Reputation: 39595
I am working with two dataframes in R and I am trying to build new variables after comparing each variable with a dataframe in order to bring a specific value. My dataframes are DF
and key
and they look like these (I add the dput
version in the final part):
DF
ID V1 V2 V3 V4 V5
1 001 Y Zone1 Level0 M1 T
2 002 N Zone2 Level1 M2 O
3 003 N Zone3 Level0 M3 NR
4 004 Y NR Level0 M4 O
5 005 NR NR Level0 M4 O
6 006 Y NR Level1 M4 T
7 007 Y Zone3 Level1 M1 T
8 008 N Zone2 Level1 M1 T
9 009 NR Zone2 Level0 M1 T
DF
has and ID variable and five variables. The other key
has the next form:
key
Name Value
1 Y 15
2 N 20
3 Zone1 34
4 Zone2 1
5 Zone3 2
6 Level0 9
7 Level1 8
8 M1 4
9 M2 5
10 M3 6
11 M4 8
12 M5 9
13 T 2
14 O 5
This dataframe has two variables Name
and Value
. So, I want to compare each of the variables in DF
(V1,V2,V3,V4,V5
) with Name
variable from key
in order to create new variables that save the values of Value
after their respective comparison. The new variables must have the next name structure: VI_Name.of.variable.in.DF_M
, for that reason I have build this code:
DF$VI_V1_M=key[match(DF$V1,key$Name),"Value"]
DF$VI_V2_M=key[match(DF$V2,key$Name),"Value"]
DF$VI_V3_M=key[match(DF$V3,key$Name),"Value"]
DF$VI_V4_M=key[match(DF$V4,key$Name),"Value"]
DF$VI_V5_M=key[match(DF$V5,key$Name),"Value"]

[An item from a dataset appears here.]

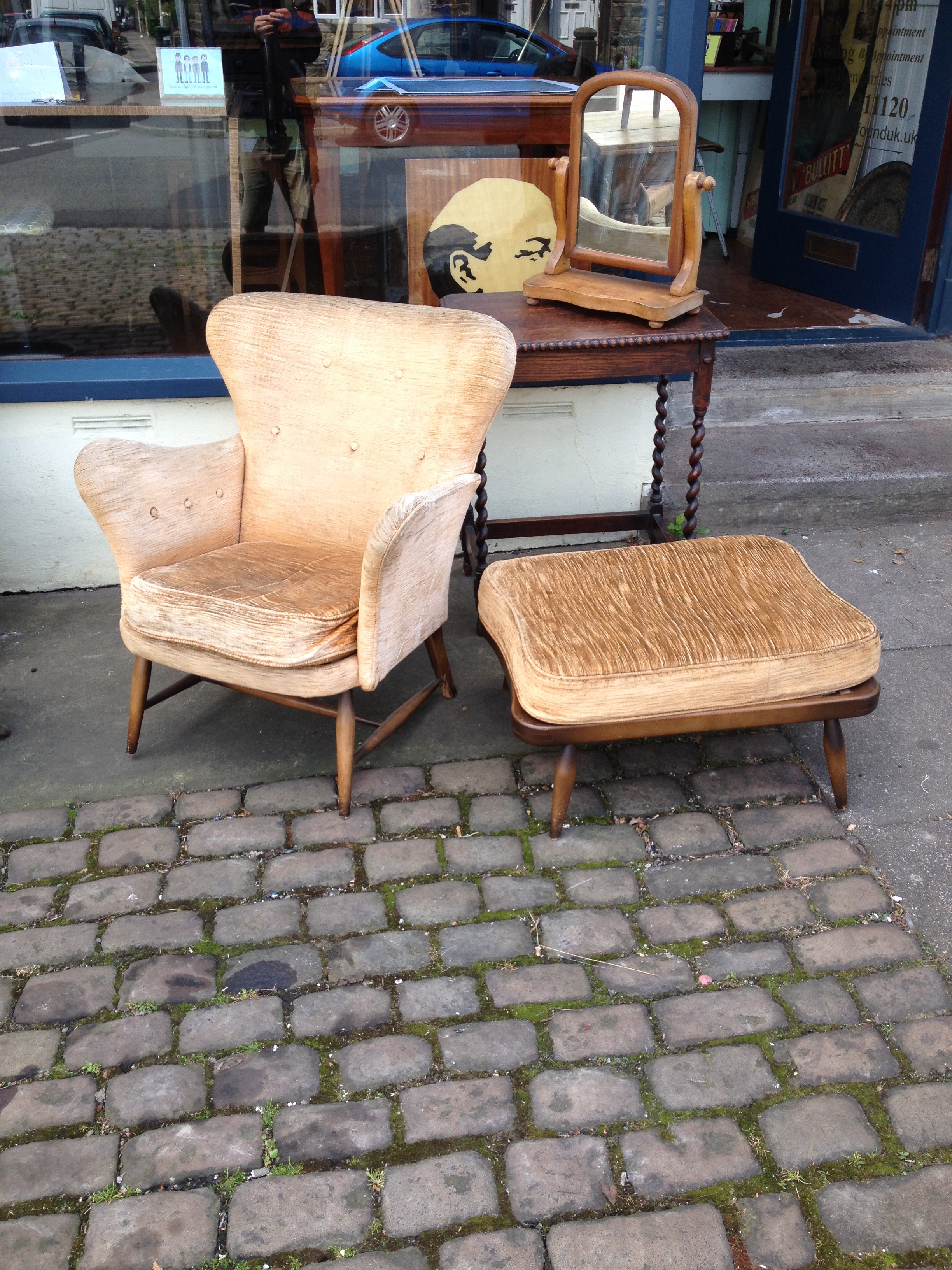 Previous Image Next Image 1953 ercol armchair and footstool pre re-upholstery pre recover – Ercol armchair and foot stool 1953 –

With these lines, I compare each variable in DF
with Name
in key
to bring Value
, but I don't know how to create a for structure or a function with apply in order to build the required variables because the number of variables in DF
can increase. I would like to get something like this:
ID V1 V2 V3 V4 V5 VI_V1_M VI_V2_M VI_V3_M VI_V4_M VI_V5_M
1 001 Y Zone1 Level0 M1 T 15 34 9 4 2
2 002 N Zone2 Level1 M2 O 20 1 8 5 5
3 003 N Zone3 Level0 M3 NR 20 2 9 6 NA
4 004 Y NR Level0 M4 O 15 NA 9 8 5
5 005 NR NR Level0 M4 O NA NA 9 8 5
6 006 Y NR Level1 M4 T 15 NA 8 8 2
7 007 Y Zone3 Level1 M1 T 15 2 8 4 2
8 008 N Zone2 Level1 M1 T 20 1 8 4 2
9 009 NR Zone2 Level0 M1 T NA 1 9 4 2
Where the results of comparing each variables are saved in the new variables. I am looking for a solution to reduce the number of my lines because in case of 100 variables in DF
I would have to write 100 lines of code. The dput()
version of DF
and key
is the next:
DF<-structure(list(ID = c("001", "002", "003", "004", "005", "006",
"007", "008", "009"), V1 = c("Y", "N", "N", "Y", "NR", "Y", "Y",
"N", "NR"), V2 = c("Zone1", "Zone2", "Zone3", "NR", "NR", "NR",
"Zone3", "Zone2", "Zone2"), V3 = c("Level0", "Level1", "Level0",
"Level0", "Level0", "Level1", "Level1", "Level1", "Level0"),
V4 = c("M1", "M2", "M3", "M4", "M4", "M4", "M1", "M1", "M1"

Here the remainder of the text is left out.